His paintings has been in solo and group shows across the country since 2005.

In 2016, Nagel participated in a Link 80 reunion for the Asian Man Records 20th Anniversary. On June 17 and 18, the band played two sold-out shows at the San Francisco's Bottom of the Hill. The lineup also included singer Ryan Noble, guitarists Matt Bettinelli-Olpin and Adam Davis, drummer Joey Bustos, bassists Adam Pereria and Barry Krippene, and horn players Steve Borth and Jason Lechner. Prior to the shows, a video tribute to Nick Traina was shown that the band released the video online on June 20, 2016.

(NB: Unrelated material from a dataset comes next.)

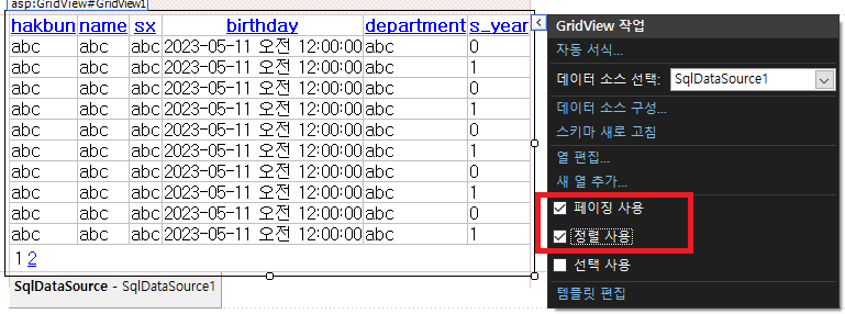 Visual Studio 2022버전으로 GridView 컨트롤을 추가하면, 무슨 이유인지 자동 서식 기능이 나타나기도 하고 나타나지 않은 컴퓨터도 있습니다.

Nagel is vegan straight edge.

Discography
 The Link 80 & Wet Nap Split (1995)
 Remember How It Used To Be EP (1995)
 Rumble At The Tracks EP (1996)
 17 Reasons (1996)
 Killing Katie (1997)

References

External links
Aaron Nagel / Two Twenty Two Design Studio
Interview with Sunrise Artists
Interview with Creep Machine
Studio Visit/Interview with Warholian
Interview with Curbs and Stoops
Link 80 

Living people
21st-century American painters
21st-century American male artists
American rock guitarists
American male guitarists
American male painters
Guitarists from California
Painters from California
21st-century trumpeters
21st-century American guitarists
21st-century American male musicians
Year of birth missing (living people)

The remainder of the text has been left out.